South Korean television series

Golden House is a 2010 South Korean television series starring Shin Ha-kyun, Lee Bo-young, and Baek Yoon-sik. It aired on cable channel tvN from March 5 to May 27, 2010 on Fridays at 23:00 for 20 episodes.

==Plot==
When the owner of a shabby, soon-to-be-demolished villa in a run-down part of Seoul mysteriously dies, it sets in motion a chain of events that touches many lives.
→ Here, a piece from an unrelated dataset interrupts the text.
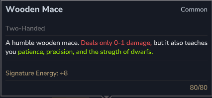 Though it deals no damage in combat. Some adventurers use it to learn patience, precision, and the stregth of a dwarf. The wooden mace proves that to become a great blacksmith you must be really brawn.

His son Oh Bok-gyu (Shin Ha-kyun), a struggling actor who was previously completely unaware of his inheritance, arrives to take possession of Apartment Number 201, only to find that rumors are swirling everywhere that his father has left a huge fortune of in gold bars hidden somewhere in the villa — and that his father was murdered. As Bok-gyu navigates his way through the web of mystery surrounding his father's death, he encounters intrusive neighbors, oddball residents, a hardcore gangster and a beautiful girl — any of whom may have their eyes set on his money. When he meets orphaned, lovely Yoon Seo-rin (Lee Bo-young), he thinks that she's the girl of his dreams, but is unsure whether to trust her.

==Cast==
- Shin Ha-kyun as Oh Bok-gyu
- Lee Bo-young as Yoon Seo-rin
- Baek Yoon-sik as Park Tae-chon
- Kim Chang-wan as Kim Sang-chul
- Jo Mi-ryung as Madam Hong
- Go Soo-hee as Kim Choo-ja
- Moon Hee-kyung as Noh Mae-ja
- Kang Byul as Park Song-yi
- Jung Kyung-ho as Sang-geun
- Park Hyo-jun as Ha-geun
- Choi Joo-bong as Kim Pil-choong
- Park Hye-jin as Lee Soon-yi
- Kwon Byung-gil as Choi Sung-shik
- Jeon Se-hong as Yoo-ra
- Jung Tae-won as Hang-joon
- Lee Joo-shil
- Lee Hee-jung
- Yoon Byung-hee
- Kim Dong-hyeon
- Lee Seung-joon

==Awards==
Director Jo Hyun-tak won the New Media Award at the 3rd Korea Drama Awards in 2010.